Dataset entries:
=== Begin Enclosure ===
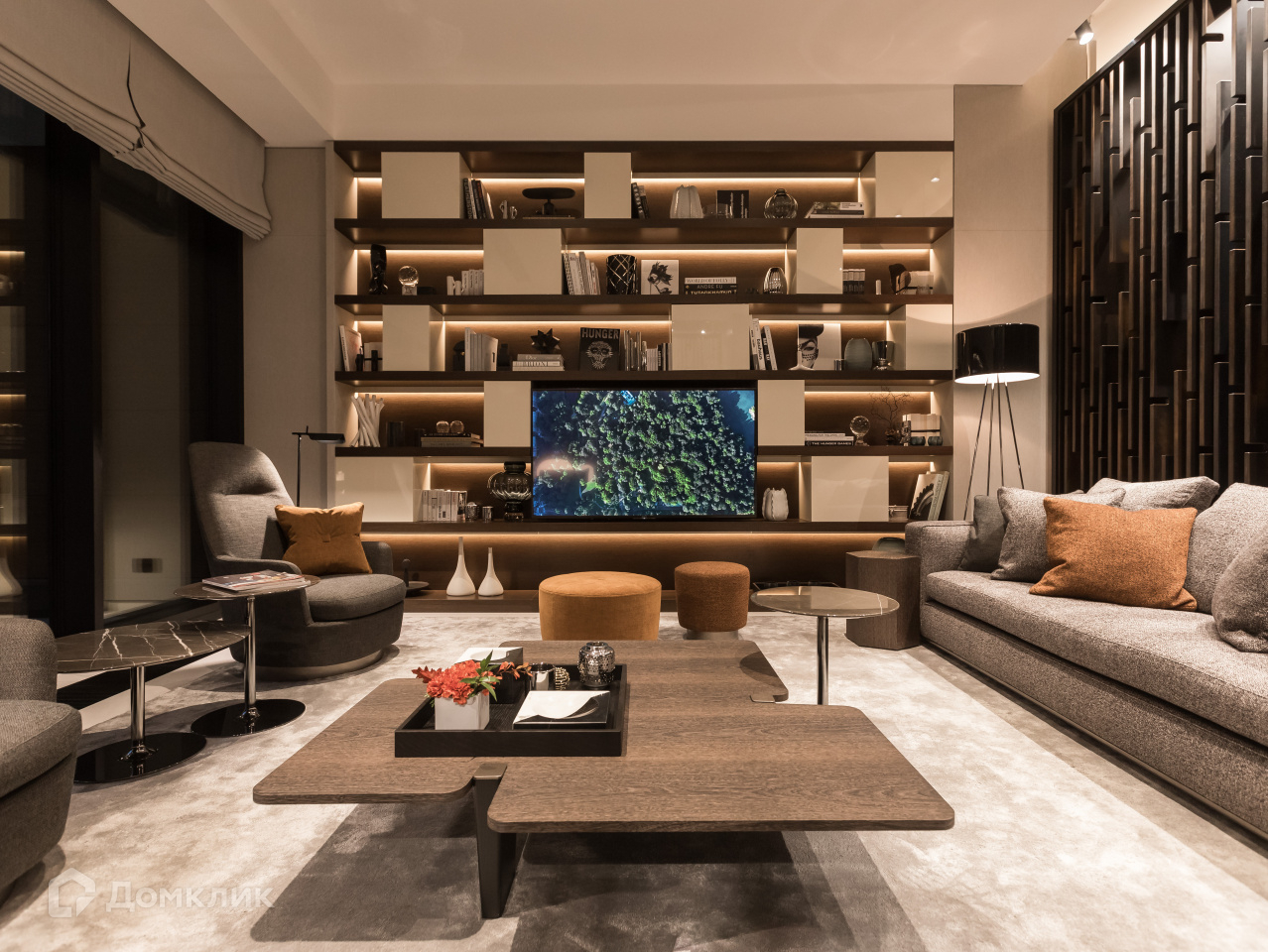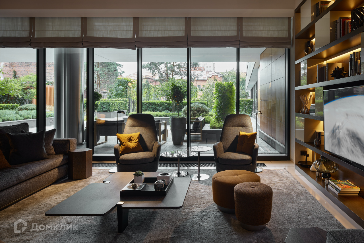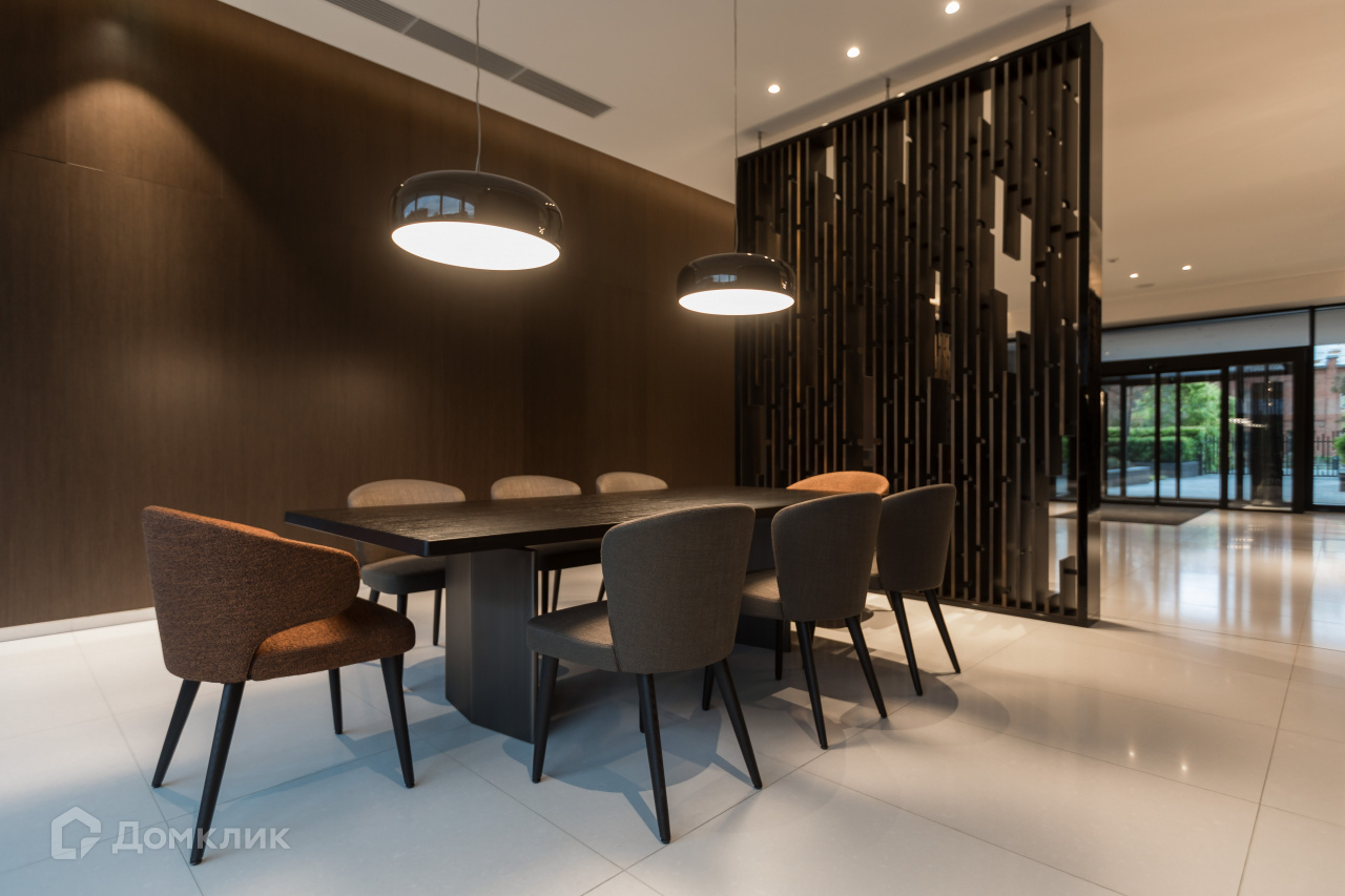 За счет многоуровневого освещения тёплых оттенков, мягких ковров и декоративных элементов: зеркал, картин, дивайдера, — пространство этажа воспринимается как продолжение квартиры.На первом этаже расположены две уютные гостиные, место для переговоров и зона для приготовления кофе или чая.
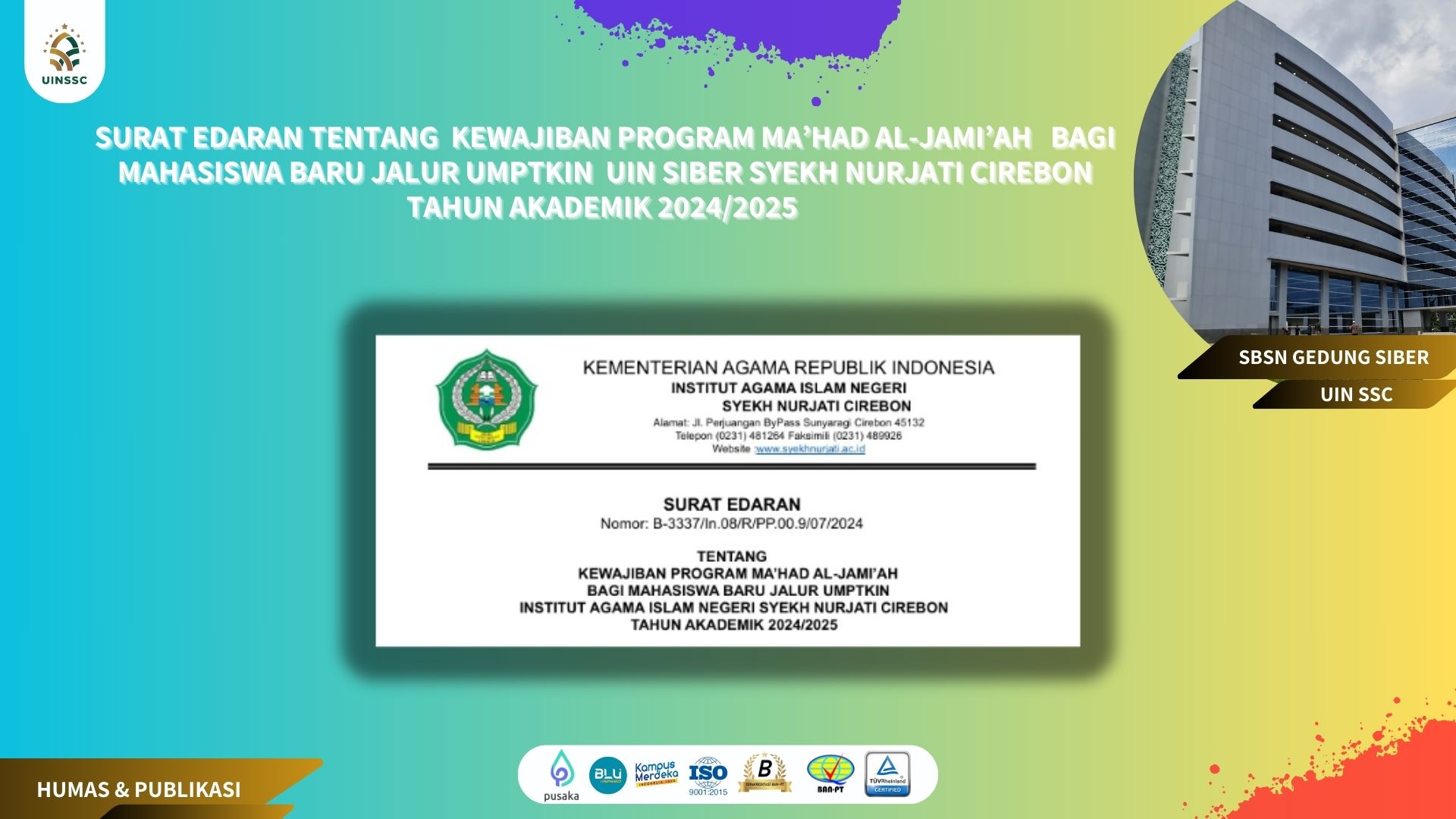 17 July 2024 • SURAT EDARAN TENTANG KEWAJIBAN PROGRAM MA’HAD AL-JAMI’AH BAGI MAHASISWA BARU JALUR UM-PTKIN UIN SIBER SYEKH NURJATI CIREBON TAHUN AKADEMIK 2024/2025 Untuk Informasi Selengkapnya Silahkan Unduh Link dibawah ini: B-3337_Surat Edaran Mahad Bagi Mahasiswa Baru Jalur... Informasi Pengumuman
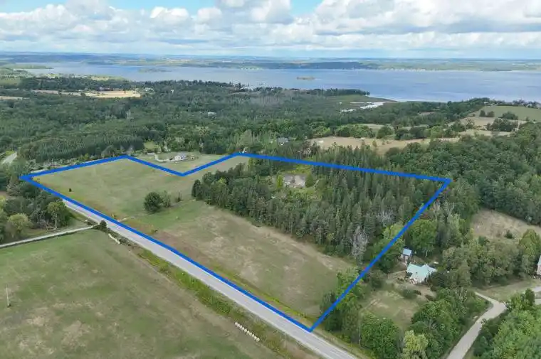 Click on video button to watch fabulous drone video. With frontage on Goose Creek Rd and Rice Lake Scenic Drive, this is a rare 17.44-acre parcel offering panoramic views of Rice Lake and the rolling Northumberland countryside. This exceptional property combines accessibility with privacy. Goose Creek Road is a small enclave of private upscale homes. A large portion of the land has been professionally cleared and prepped for your dream build, complete with a temporary construction entrance, site plan, septic and entry permits already in place. Drafted bungalow plans available as well. Approximately 12 acres are currently rented to a local farmer for hay, ensuring low-maintenance land stewardship while you plan your future home. Mature pines and a gently elevated building site ensure year-round scenic vistas and a tranquil, private setting ideal for peaceful country living. Just 15 minutes north of Cobourg and an easy commute to the GTA or Peterborough, this is a big, beautiful piece of land where you can create the lifestyle you’ve always imagined. Be sure to watch the spectacular drone video to fully appreciate this one-of-a-kind offering.
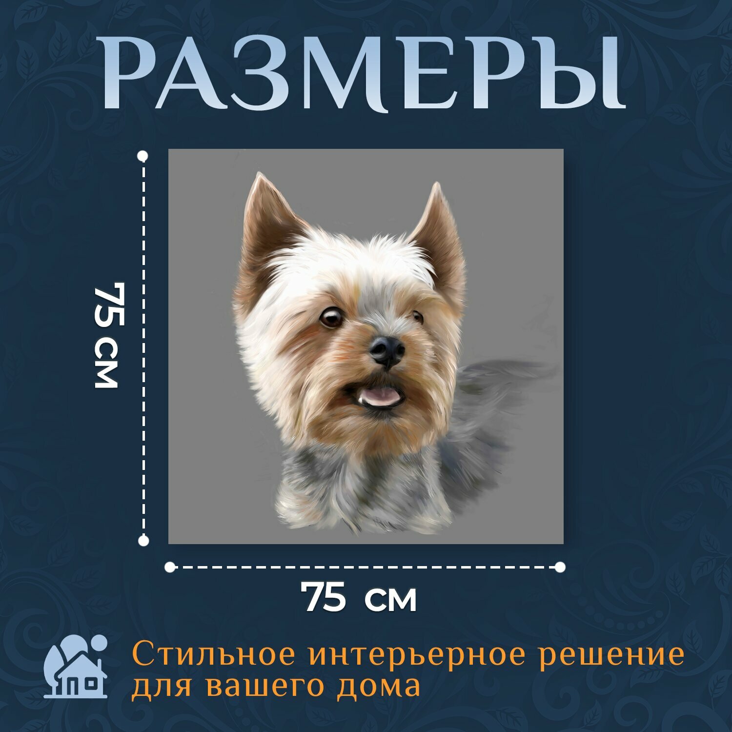 Картина на холсте "Йоркширский терьер, терьер, собака" на подрамнике 75х75 см. для интерьера интересное:
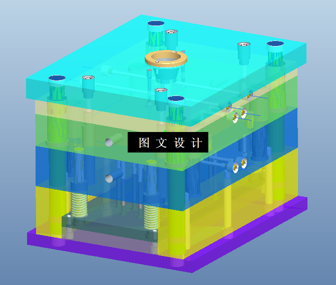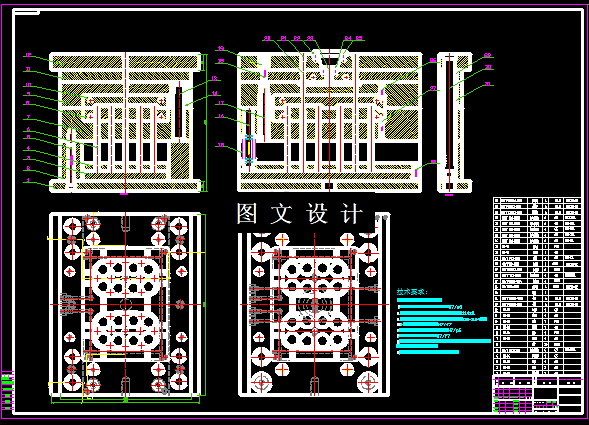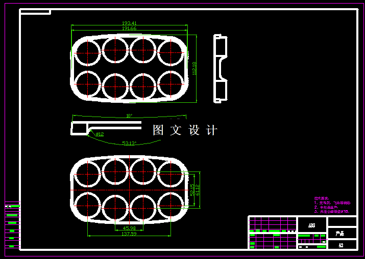 本次设计的课题,外形成长方形,底面有多个圆孔,材料选择ABS,生产批量为大批量生产,在保证塑件质量的前提下,需要提高生产效率,因此采用一模两腔或高速自动化生产来缩短生产周期,根据产品的结构,最终确定采用一模2腔设计,见模具3D图,平面图,设计说明。
=== End Enclosure ===
■ Exercise prompt
Would you reproduce the lines above, from the very first through the line containing "17 July 2024", exactly and without the pictures?

■ Answer
 За счет многоуровневого освещения тёплых оттенков, мягких ковров и декоративных элементов: зеркал, картин, дивайдера, — пространство этажа воспринимается как продолжение квартиры.На первом этаже расположены две уютные гостиные, место для переговоров и зона для приготовления кофе или чая.
 17 July 2024 • SURAT EDARAN TENTANG KEWAJIBAN PROGRAM MA’HAD AL-JAMI’AH BAGI MAHASISWA BARU JALUR UM-PTKIN UIN SIBER SYEKH NURJATI CIREBON TAHUN AKADEMIK 2024/2025 Untuk Informasi Selengkapnya Silahkan Unduh Link dibawah ini: B-3337_Surat Edaran Mahad Bagi Mahasiswa Baru Jalur... Informasi Pengumuman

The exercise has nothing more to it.